▶ [GIVEN DATA]
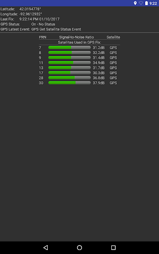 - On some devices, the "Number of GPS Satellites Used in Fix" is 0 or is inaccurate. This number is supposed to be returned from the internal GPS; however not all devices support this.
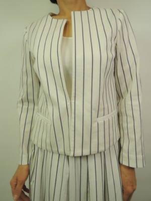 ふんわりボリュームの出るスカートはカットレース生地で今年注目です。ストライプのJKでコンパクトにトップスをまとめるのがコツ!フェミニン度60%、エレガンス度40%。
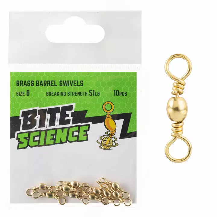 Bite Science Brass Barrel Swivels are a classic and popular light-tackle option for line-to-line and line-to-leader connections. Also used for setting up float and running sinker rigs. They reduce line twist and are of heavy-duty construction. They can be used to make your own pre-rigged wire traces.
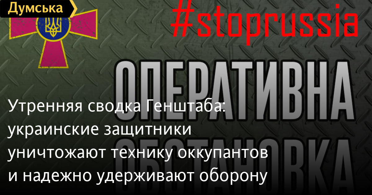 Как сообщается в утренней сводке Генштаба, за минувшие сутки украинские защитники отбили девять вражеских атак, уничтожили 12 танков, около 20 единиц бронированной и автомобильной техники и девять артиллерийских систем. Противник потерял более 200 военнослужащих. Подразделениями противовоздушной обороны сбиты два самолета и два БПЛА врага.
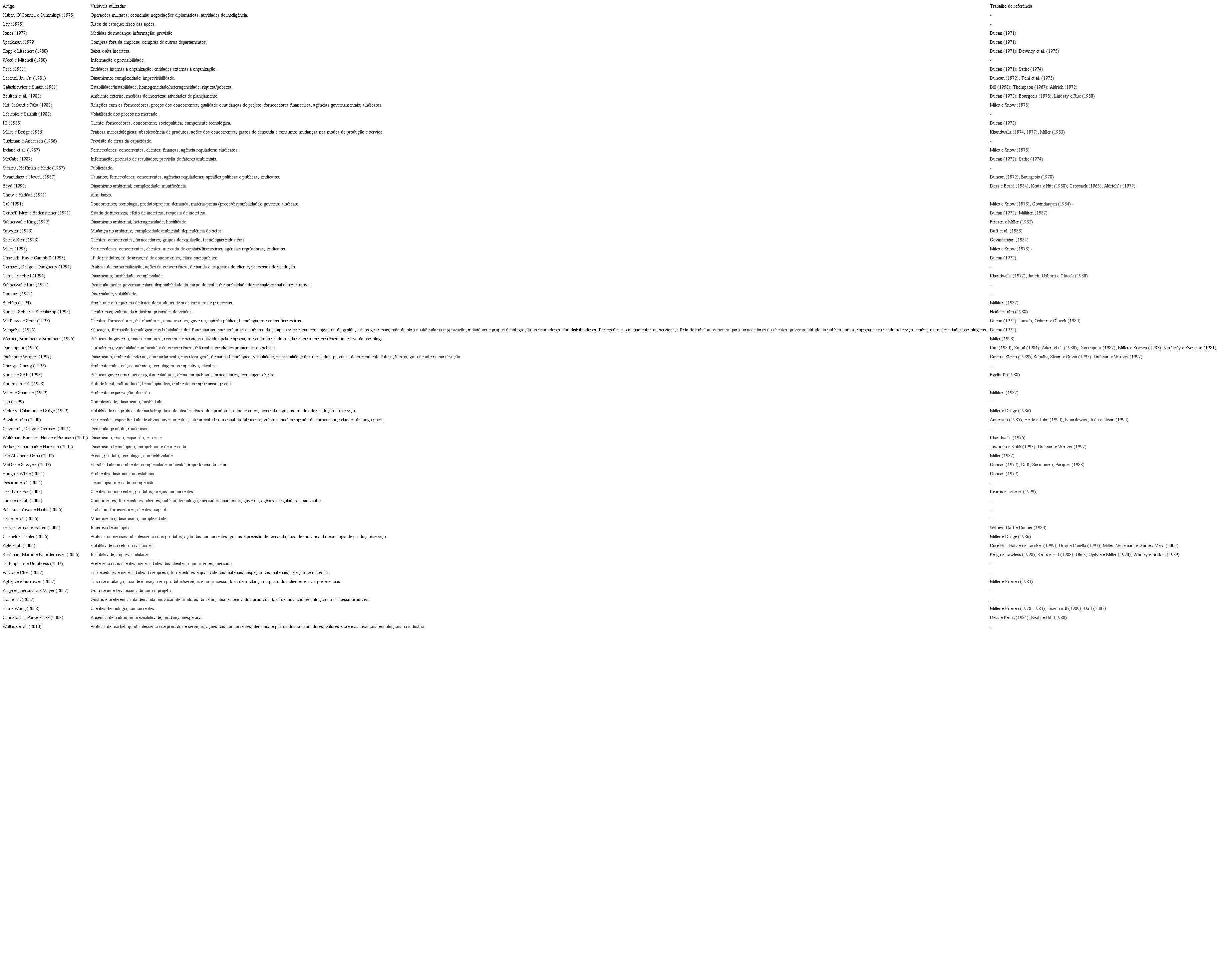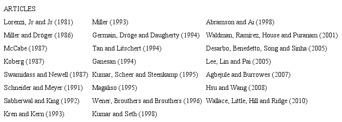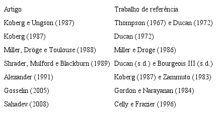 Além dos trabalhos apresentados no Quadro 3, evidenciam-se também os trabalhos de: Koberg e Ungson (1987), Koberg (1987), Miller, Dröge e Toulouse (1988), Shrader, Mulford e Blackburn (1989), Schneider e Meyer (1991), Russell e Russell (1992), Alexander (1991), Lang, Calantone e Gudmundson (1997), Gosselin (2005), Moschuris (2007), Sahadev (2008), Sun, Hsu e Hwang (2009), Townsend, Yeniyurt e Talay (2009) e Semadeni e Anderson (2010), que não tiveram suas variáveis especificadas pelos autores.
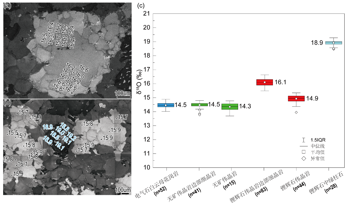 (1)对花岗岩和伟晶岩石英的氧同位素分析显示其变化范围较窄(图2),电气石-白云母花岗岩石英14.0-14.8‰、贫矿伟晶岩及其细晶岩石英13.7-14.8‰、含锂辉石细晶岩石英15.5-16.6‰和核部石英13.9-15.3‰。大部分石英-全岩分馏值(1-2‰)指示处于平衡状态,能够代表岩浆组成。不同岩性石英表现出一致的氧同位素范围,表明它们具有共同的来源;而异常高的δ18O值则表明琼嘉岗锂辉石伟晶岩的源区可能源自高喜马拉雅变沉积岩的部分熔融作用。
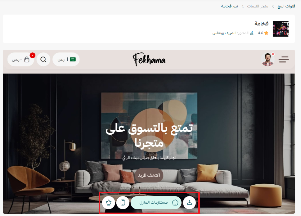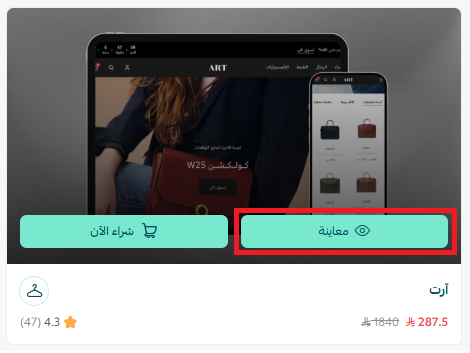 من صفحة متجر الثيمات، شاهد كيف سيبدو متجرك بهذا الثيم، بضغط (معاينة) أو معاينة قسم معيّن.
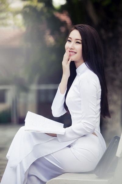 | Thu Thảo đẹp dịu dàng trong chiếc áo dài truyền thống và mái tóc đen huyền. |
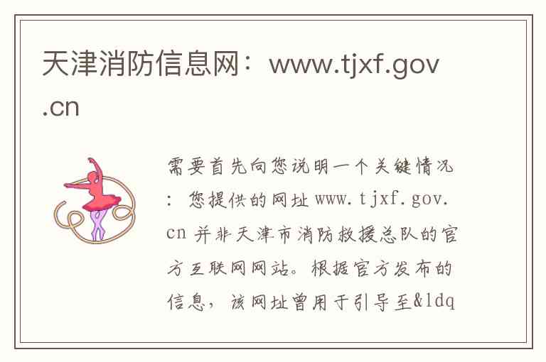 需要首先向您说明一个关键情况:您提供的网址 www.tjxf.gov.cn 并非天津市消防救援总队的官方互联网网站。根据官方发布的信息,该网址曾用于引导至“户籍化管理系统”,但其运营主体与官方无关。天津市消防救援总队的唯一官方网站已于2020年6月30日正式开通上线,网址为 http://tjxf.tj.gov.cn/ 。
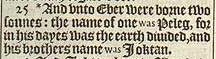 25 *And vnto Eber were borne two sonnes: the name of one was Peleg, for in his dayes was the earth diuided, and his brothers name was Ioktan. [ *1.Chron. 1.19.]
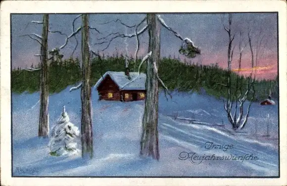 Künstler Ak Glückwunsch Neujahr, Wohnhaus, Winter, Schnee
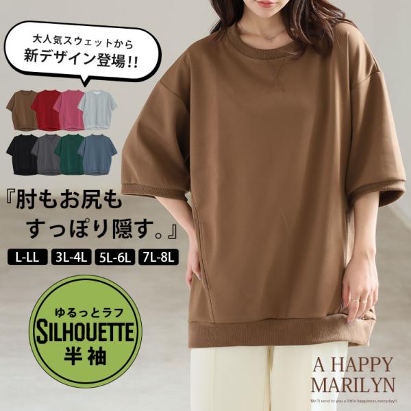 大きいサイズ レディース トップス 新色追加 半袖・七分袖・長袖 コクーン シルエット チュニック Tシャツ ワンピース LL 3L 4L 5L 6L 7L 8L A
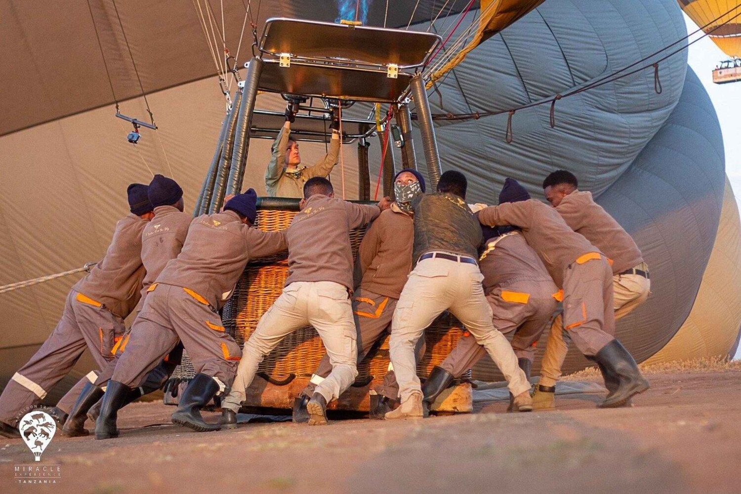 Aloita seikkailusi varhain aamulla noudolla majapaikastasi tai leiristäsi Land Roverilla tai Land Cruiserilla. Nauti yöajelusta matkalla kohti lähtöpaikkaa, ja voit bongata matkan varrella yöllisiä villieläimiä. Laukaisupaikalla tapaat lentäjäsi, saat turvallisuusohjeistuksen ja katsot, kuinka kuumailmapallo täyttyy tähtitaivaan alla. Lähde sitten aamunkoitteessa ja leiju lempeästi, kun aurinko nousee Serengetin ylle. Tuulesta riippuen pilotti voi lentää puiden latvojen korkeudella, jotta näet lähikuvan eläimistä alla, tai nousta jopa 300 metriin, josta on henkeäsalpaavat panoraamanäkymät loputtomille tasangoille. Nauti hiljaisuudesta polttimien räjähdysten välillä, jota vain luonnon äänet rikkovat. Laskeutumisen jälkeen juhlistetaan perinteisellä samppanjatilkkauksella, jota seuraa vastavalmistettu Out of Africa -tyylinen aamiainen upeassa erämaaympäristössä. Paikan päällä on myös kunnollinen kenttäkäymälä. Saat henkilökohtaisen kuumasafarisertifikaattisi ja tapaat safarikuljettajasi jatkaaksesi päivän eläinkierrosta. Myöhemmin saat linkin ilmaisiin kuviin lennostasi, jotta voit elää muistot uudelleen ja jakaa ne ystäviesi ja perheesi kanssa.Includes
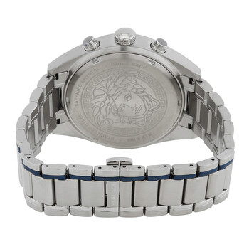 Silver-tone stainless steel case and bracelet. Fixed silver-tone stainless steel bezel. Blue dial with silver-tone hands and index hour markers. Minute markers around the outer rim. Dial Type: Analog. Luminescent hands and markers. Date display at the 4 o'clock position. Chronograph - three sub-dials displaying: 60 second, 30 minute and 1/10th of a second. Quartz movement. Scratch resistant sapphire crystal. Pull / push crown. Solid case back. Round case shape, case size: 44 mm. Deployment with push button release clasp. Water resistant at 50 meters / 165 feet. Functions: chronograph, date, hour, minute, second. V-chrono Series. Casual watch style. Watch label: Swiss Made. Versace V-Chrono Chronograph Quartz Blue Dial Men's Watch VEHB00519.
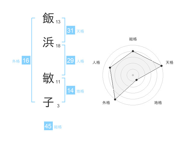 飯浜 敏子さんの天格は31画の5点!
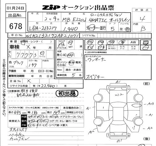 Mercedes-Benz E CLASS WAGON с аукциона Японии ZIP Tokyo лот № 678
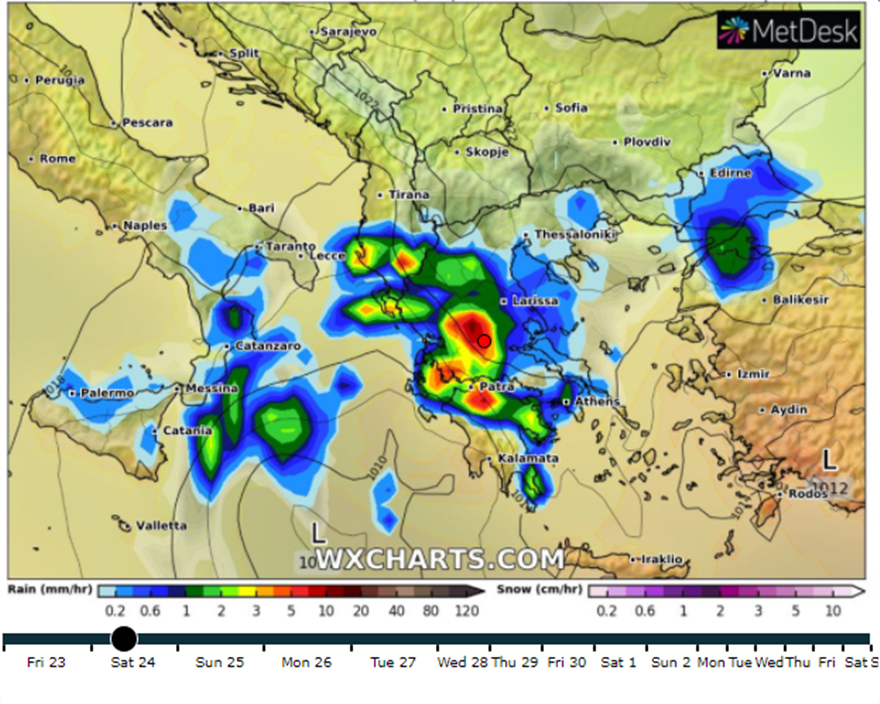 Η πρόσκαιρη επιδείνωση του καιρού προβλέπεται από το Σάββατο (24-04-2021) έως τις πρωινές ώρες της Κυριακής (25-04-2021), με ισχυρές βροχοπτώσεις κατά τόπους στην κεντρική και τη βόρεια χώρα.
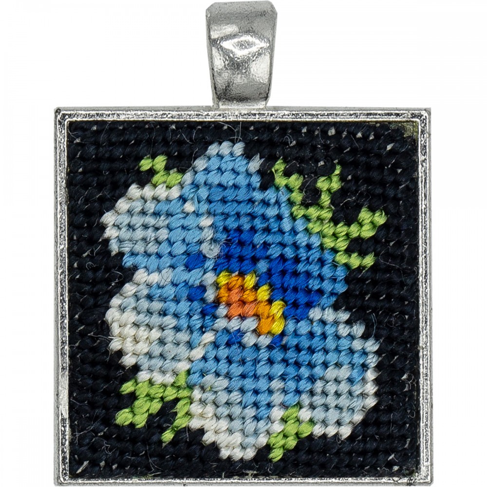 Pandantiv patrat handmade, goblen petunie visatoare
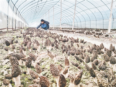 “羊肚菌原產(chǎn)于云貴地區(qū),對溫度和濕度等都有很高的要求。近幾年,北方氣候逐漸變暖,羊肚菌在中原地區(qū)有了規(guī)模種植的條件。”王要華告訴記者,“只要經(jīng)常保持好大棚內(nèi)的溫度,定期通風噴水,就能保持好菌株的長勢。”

▶ [YOUR GOAL]
Although the records hold pictures, the copy must not; give again exactly the lines from the one with "Künstler Ak Glückwunsch" through the one with "大きいサイズ レディース トップス".

▶ [OUTPUT OF THE EXERCISE]
 Künstler Ak Glückwunsch Neujahr, Wohnhaus, Winter, Schnee
 大きいサイズ レディース トップス 新色追加 半袖・七分袖・長袖 コクーン シルエット チュニック Tシャツ ワンピース LL 3L 4L 5L 6L 7L 8L A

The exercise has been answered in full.